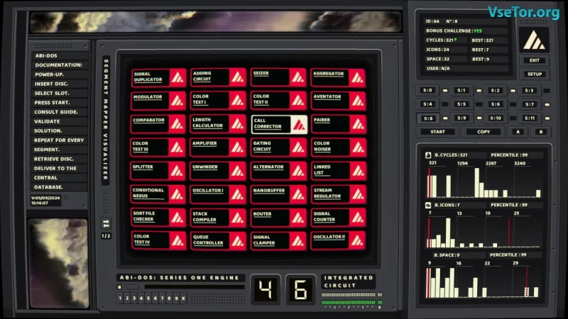 Центральный элемент игрового процесса — UBITS, разноцветные блоки данных, которые вы перемещаете по хитроумным системам команд и соединений. Ваша основная цель — оптимизировать различные процессы: минимизировать затраты времени, пространства и ресурсов, создавая элегантные и компактные решения. Механика ABI-DOS обеспечивает полную прозрачность: каждый ваш шаг логичен и предсказуем, а результаты — результат ваши стратегий и расчетов.
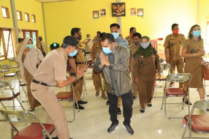 Luwu Timur, batarapos.com – Penjabat Sementara (Pjs) Bupati Luwu Timur, Jayadi Nas, didampingi Kepala BPBD, Muhammad Zabur, Kepala DPMD, Halsen, Kadis Kesehatan, dr. Rosmini Pandin dan Kadis Pertanian, Amrullah Silahturahmi dan tatap muka dengan Kepala Desa dan BPD di Aula Kantor Camat Mangkutana, Selasa (27/10/2020).
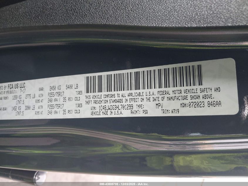 2017 JEEP WRANGLER 2017 року Бензин, 3.6, Повний привід, vin - 1C4BJWDG3HL701299 з США
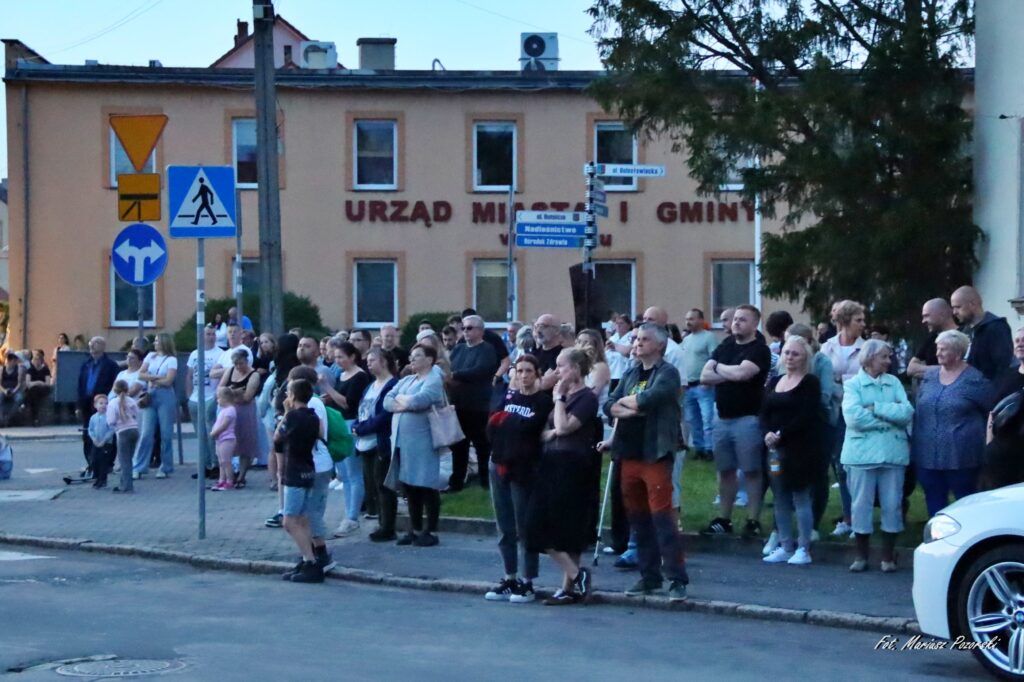 O 21:30 przestrzeń przed Urzędem Miasta i Gminy wypełniła się mieszkańcami, którzy wyruszyli w niezwykłą podróż przez niemal 1000 lat historii naszej małej ojczyzny.
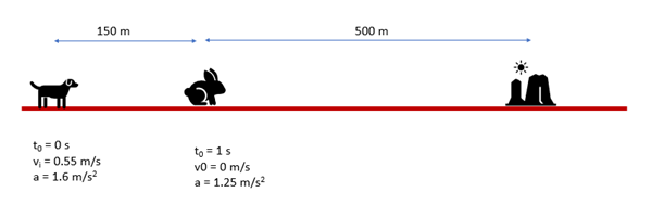 El conejo se percata que lo están cazando y empieza a correr 1 segundo después que el perro empezó a acelerar, si éste tiene su madriguera a 500 metros de donde se encuentra actualmente, y tiene una aceleración de 1.25 m/s2. La diferencia de distancia entre el perro y el conejo era de 150 mtrs antes de que el perro empezara a acelerar.
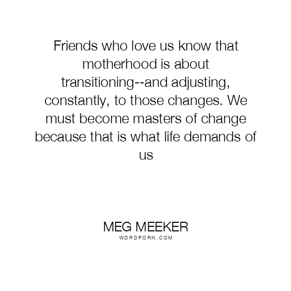 Friends who love us know that motherhood is about transitioning--and adjusting, constantly, to those changes. We must become masters of change because that is what life demands of us
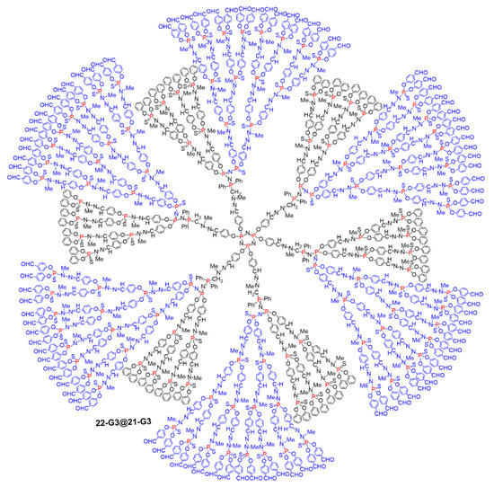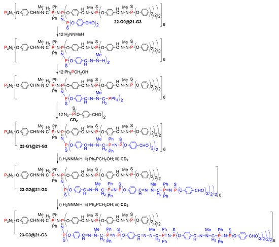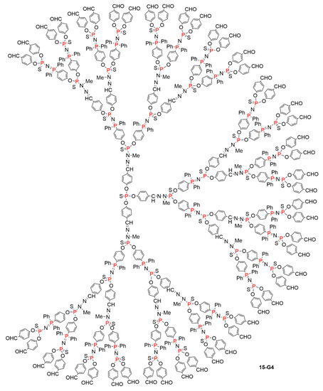 The presence of aldehyde functions inside the structure of dendrimers enabled the growing of new branches from inside, leading to a very sophisticated type of dendritic structure. Two different methods have been used to generate these new branches. One method used the classical way for the synthesis of phosphorus dendrimers [44,45,46] up to the twelfth generation [47], i.e., the condensation of the phosphorhydrazide H2NNMeP(S)Cl2 with the aldehydes, and the substitution of chlorine atoms with hydroxybenzaldehyde in basic conditions. This method was applied for the growing of internal branches up to the third generation, as shown in Scheme 22 and Figure 14 [48].
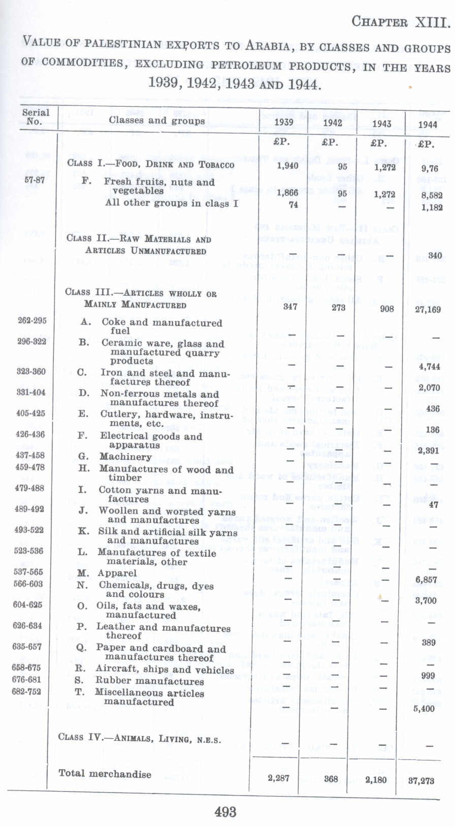 Palestine's Trade With Saudi Arabia: Value of Palestinian Exports To Saudi Arabia, By Classes and Groups of Commodities, Excluding Petroleum in the years of 1939, 1942, 1943, and 1944 before 1948 (Nakba), British Mandate: A Survey of Palestine: Volume I - Page 493. Chapter XIII: Section 3
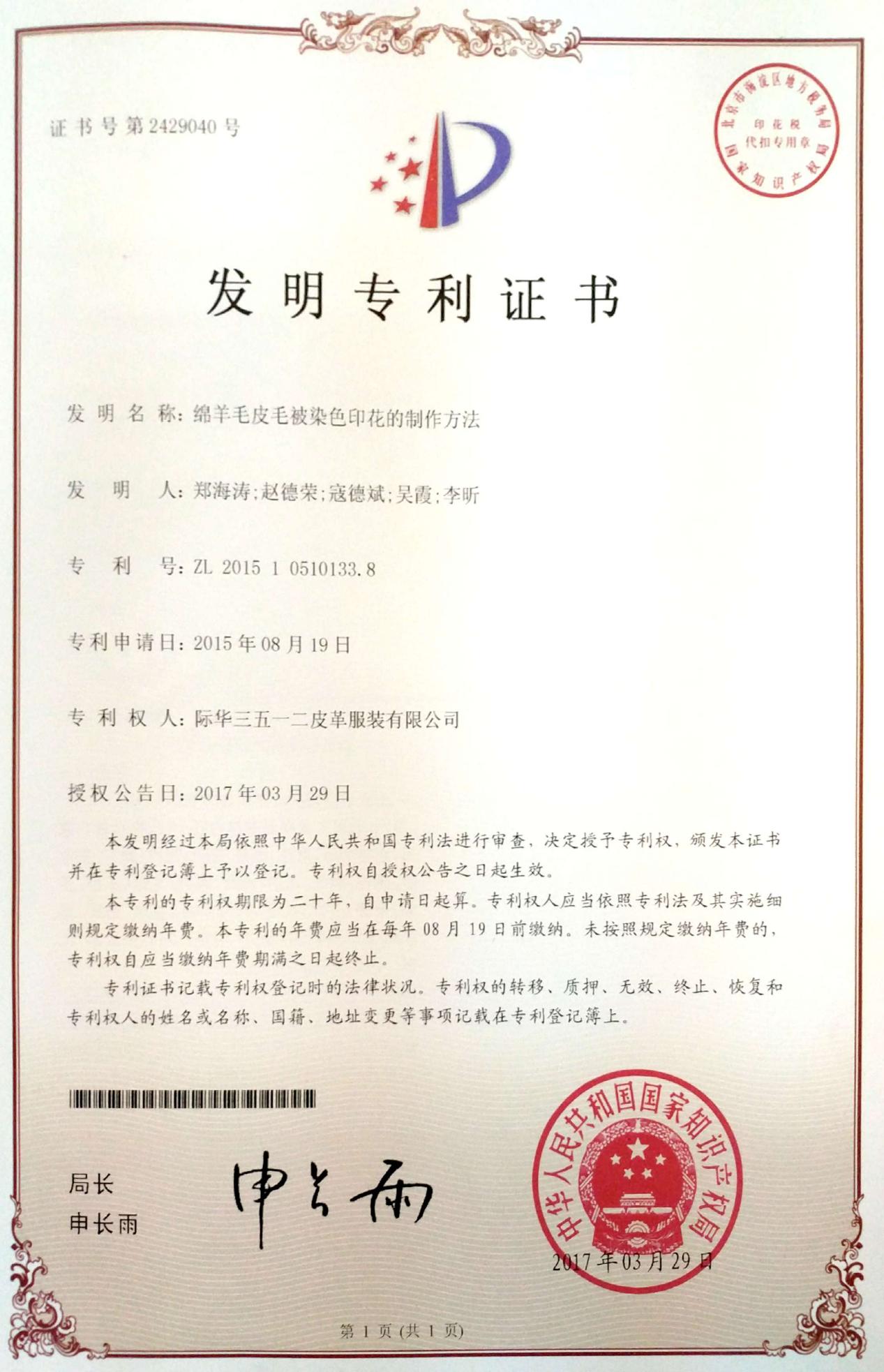 近日,际华3512公司两项发明专利获得国家知识产权局授权,分别是“特种用途高强度牛犊皮的制作方法”和“绵羊毛皮毛被染色印花的制作方法”。与实用新型和外观专利相比,发明专利更具发明创造性,这两项发明专利的授权,在提高际华3512公司产品品质的同时丰富了产品种类,使际华3512公司在空警、民航、高端奢侈品等行业更具竞争力。
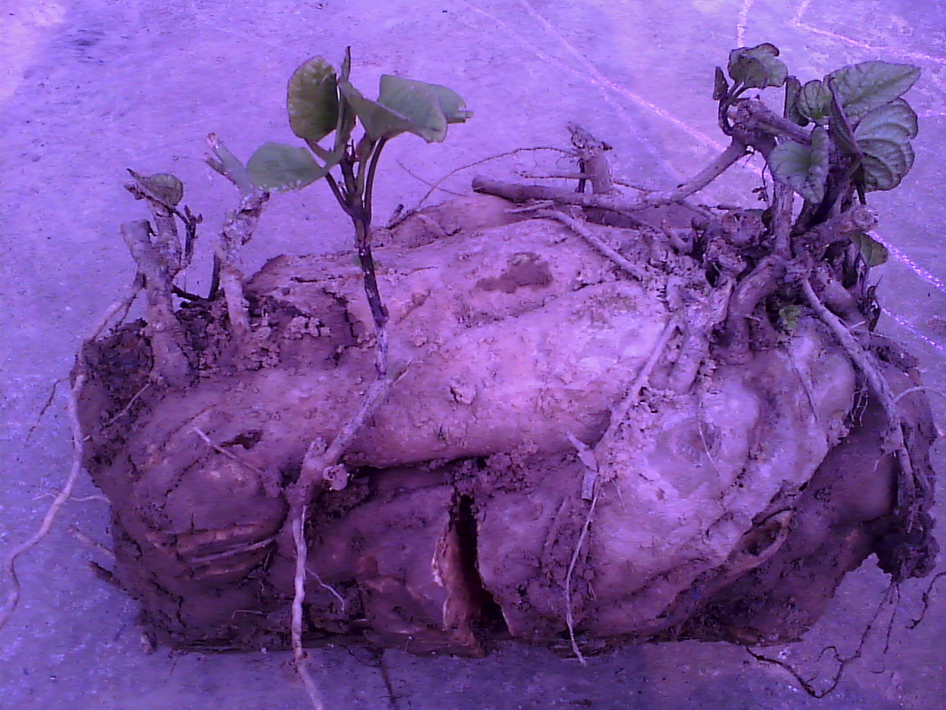 "神了!神了!"我一边赞叹,一边细细地研究。这个红薯王,不断个头巨无霸,头顶上还长着几枝嫩绿的秋藤,膨胀的身躯上有几道斑驳的裂痕。蹲下身子观看,简直就像一座栩栩如生的山石风景雕刻,怪不得我的小侄女都那么喜欢。啊!这个红薯王太神奇了!它身上有许多裂口,仿佛是在宣告着它的饱经风霜的成长经历。它的巨大又仿佛是在宣告着它不同凡响的成功。是啊,不经历风雨,怎么见彩虹;没有拼命地吸收阳光雨露,怎么能结出惊人的硕果?啊!好一个神奇的红薯王!
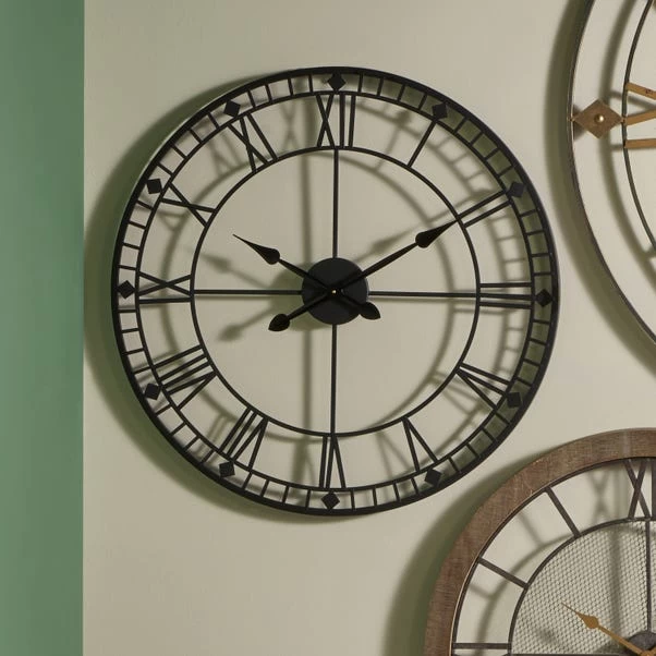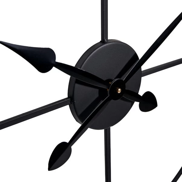 Simple and stylish, this modern skeleton clock is presented in a bold black colour and perfect for adding a practical and ornamental attraction in your home. Featuring roman numeral figures to indicate the time, arrow styled hands, and a contemporary circular shape, this wall clock will add timeless style to your home and suit a range of interiors.
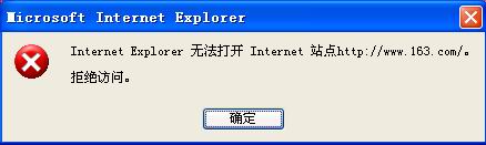 打开IE上网,不论打开什么网站都会重复跳出数个警告框:“Internet Explorer无法打开Internet 站点http://www.***.com/。拒绝访问”,(*号代表网站名,如:访问百度就显示http://www.baidu.com/,访问网易就显示http://www.163.com/)但所访问的网页都可以正常打开,只是在刚打开时不断地跳出该死的警告框,我用最新正版的瑞星,包括杀毒、防火墙、卡卡,都发现不了问题,哪位高手大哥告诉我怎么弄啊
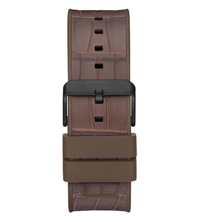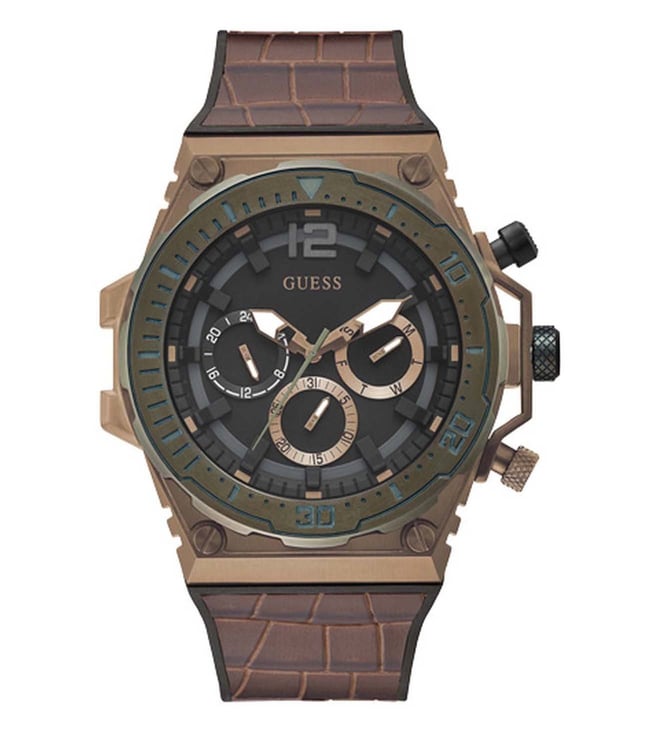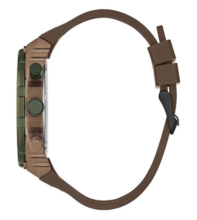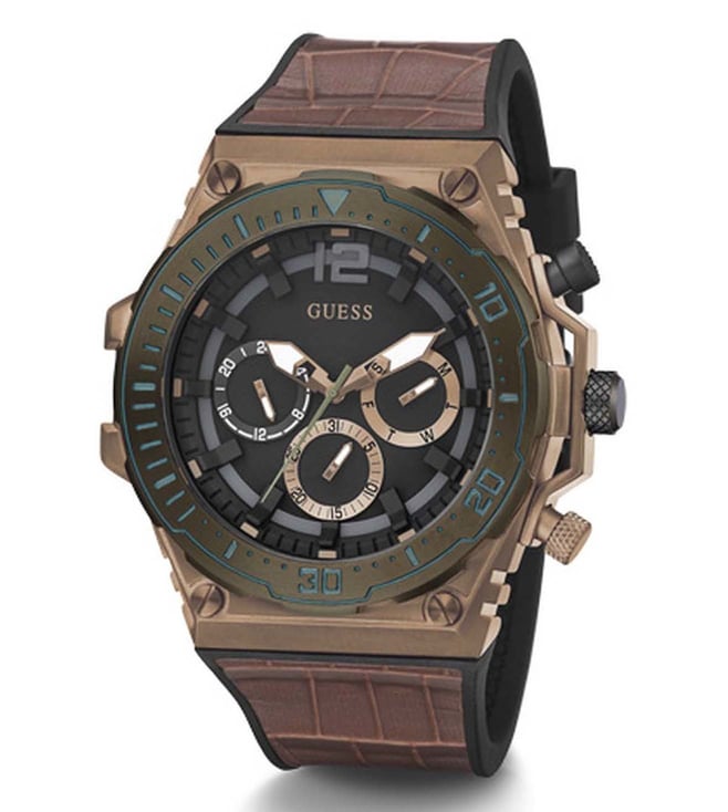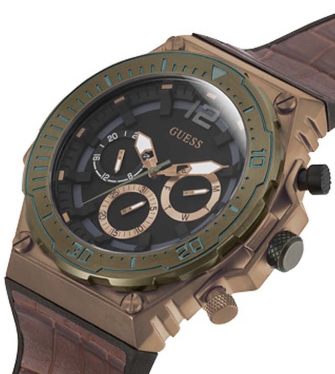 Give your wrist the perfect blend of style and comfort by wearing this stylish men's analog watch from the Carryover Venture collection by Guess. It features a multifunctional quartz movement. It has a round dial, a buckle clasp and is water-resistant at 30 m.
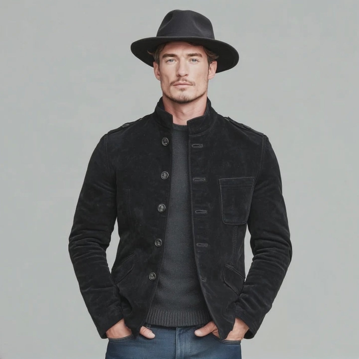 The Men’s Classic Retro Western Style Stand-up Collar Multi-pocket Faux Suede Jacket combines rugged Western character with modern fabrication. Designed as a versatile outer layer, it features a sharp stand-up collar, textured faux suede body, and practical multi-pocket detailing. Lightweight enough for year-round wear, it adds frontier-inspired attitude to both casual and smart-casual ensembles.
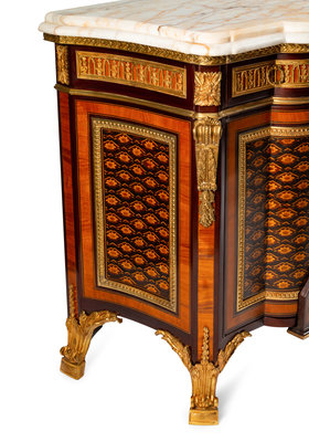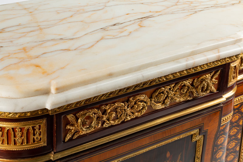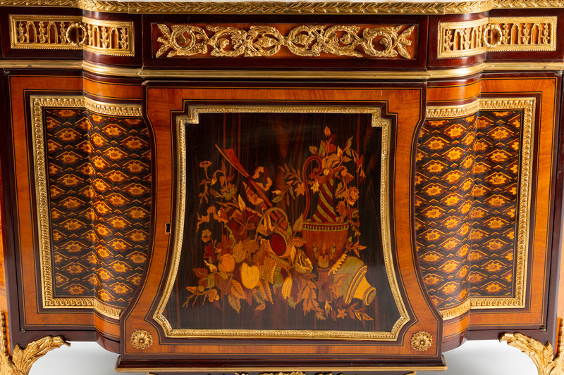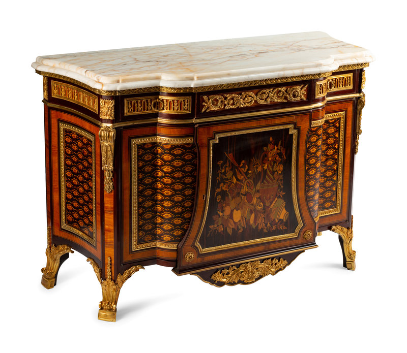 A Louis XVI Style Gilt Bronze Mounted Marquetry Marble-Top Cabinet

**Prompt**
Copy the entries exactly. Leave the pictures out.

**Your solution**
 Центральный элемент игрового процесса — UBITS, разноцветные блоки данных, которые вы перемещаете по хитроумным системам команд и соединений. Ваша основная цель — оптимизировать различные процессы: минимизировать затраты времени, пространства и ресурсов, создавая элегантные и компактные решения. Механика ABI-DOS обеспечивает полную прозрачность: каждый ваш шаг логичен и предсказуем, а результаты — результат ваши стратегий и расчетов.
 Luwu Timur, batarapos.com – Penjabat Sementara (Pjs) Bupati Luwu Timur, Jayadi Nas, didampingi Kepala BPBD, Muhammad Zabur, Kepala DPMD, Halsen, Kadis Kesehatan, dr. Rosmini Pandin dan Kadis Pertanian, Amrullah Silahturahmi dan tatap muka dengan Kepala Desa dan BPD di Aula Kantor Camat Mangkutana, Selasa (27/10/2020).
 2017 JEEP WRANGLER 2017 року Бензин, 3.6, Повний привід, vin - 1C4BJWDG3HL701299 з США
 O 21:30 przestrzeń przed Urzędem Miasta i Gminy wypełniła się mieszkańcami, którzy wyruszyli w niezwykłą podróż przez niemal 1000 lat historii naszej małej ojczyzny.
 El conejo se percata que lo están cazando y empieza a correr 1 segundo después que el perro empezó a acelerar, si éste tiene su madriguera a 500 metros de donde se encuentra actualmente, y tiene una aceleración de 1.25 m/s2. La diferencia de distancia entre el perro y el conejo era de 150 mtrs antes de que el perro empezara a acelerar.
 Friends who love us know that motherhood is about transitioning--and adjusting, constantly, to those changes. We must become masters of change because that is what life demands of us
 The presence of aldehyde functions inside the structure of dendrimers enabled the growing of new branches from inside, leading to a very sophisticated type of dendritic structure. Two different methods have been used to generate these new branches. One method used the classical way for the synthesis of phosphorus dendrimers [44,45,46] up to the twelfth generation [47], i.e., the condensation of the phosphorhydrazide H2NNMeP(S)Cl2 with the aldehydes, and the substitution of chlorine atoms with hydroxybenzaldehyde in basic conditions. This method was applied for the growing of internal branches up to the third generation, as shown in Scheme 22 and Figure 14 [48].
 Palestine's Trade With Saudi Arabia: Value of Palestinian Exports To Saudi Arabia, By Classes and Groups of Commodities, Excluding Petroleum in the years of 1939, 1942, 1943, and 1944 before 1948 (Nakba), British Mandate: A Survey of Palestine: Volume I - Page 493. Chapter XIII: Section 3
 近日,际华3512公司两项发明专利获得国家知识产权局授权,分别是“特种用途高强度牛犊皮的制作方法”和“绵羊毛皮毛被染色印花的制作方法”。与实用新型和外观专利相比,发明专利更具发明创造性,这两项发明专利的授权,在提高际华3512公司产品品质的同时丰富了产品种类,使际华3512公司在空警、民航、高端奢侈品等行业更具竞争力。
 "神了!神了!"我一边赞叹,一边细细地研究。这个红薯王,不断个头巨无霸,头顶上还长着几枝嫩绿的秋藤,膨胀的身躯上有几道斑驳的裂痕。蹲下身子观看,简直就像一座栩栩如生的山石风景雕刻,怪不得我的小侄女都那么喜欢。啊!这个红薯王太神奇了!它身上有许多裂口,仿佛是在宣告着它的饱经风霜的成长经历。它的巨大又仿佛是在宣告着它不同凡响的成功。是啊,不经历风雨,怎么见彩虹;没有拼命地吸收阳光雨露,怎么能结出惊人的硕果?啊!好一个神奇的红薯王!
 Simple and stylish, this modern skeleton clock is presented in a bold black colour and perfect for adding a practical and ornamental attraction in your home. Featuring roman numeral figures to indicate the time, arrow styled hands, and a contemporary circular shape, this wall clock will add timeless style to your home and suit a range of interiors.
 打开IE上网,不论打开什么网站都会重复跳出数个警告框:“Internet Explorer无法打开Internet 站点http://www.***.com/。拒绝访问”,(*号代表网站名,如:访问百度就显示http://www.baidu.com/,访问网易就显示http://www.163.com/)但所访问的网页都可以正常打开,只是在刚打开时不断地跳出该死的警告框,我用最新正版的瑞星,包括杀毒、防火墙、卡卡,都发现不了问题,哪位高手大哥告诉我怎么弄啊
 Give your wrist the perfect blend of style and comfort by wearing this stylish men's analog watch from the Carryover Venture collection by Guess. It features a multifunctional quartz movement. It has a round dial, a buckle clasp and is water-resistant at 30 m.
 The Men’s Classic Retro Western Style Stand-up Collar Multi-pocket Faux Suede Jacket combines rugged Western character with modern fabrication. Designed as a versatile outer layer, it features a sharp stand-up collar, textured faux suede body, and practical multi-pocket detailing. Lightweight enough for year-round wear, it adds frontier-inspired attitude to both casual and smart-casual ensembles.
 A Louis XVI Style Gilt Bronze Mounted Marquetry Marble-Top Cabinet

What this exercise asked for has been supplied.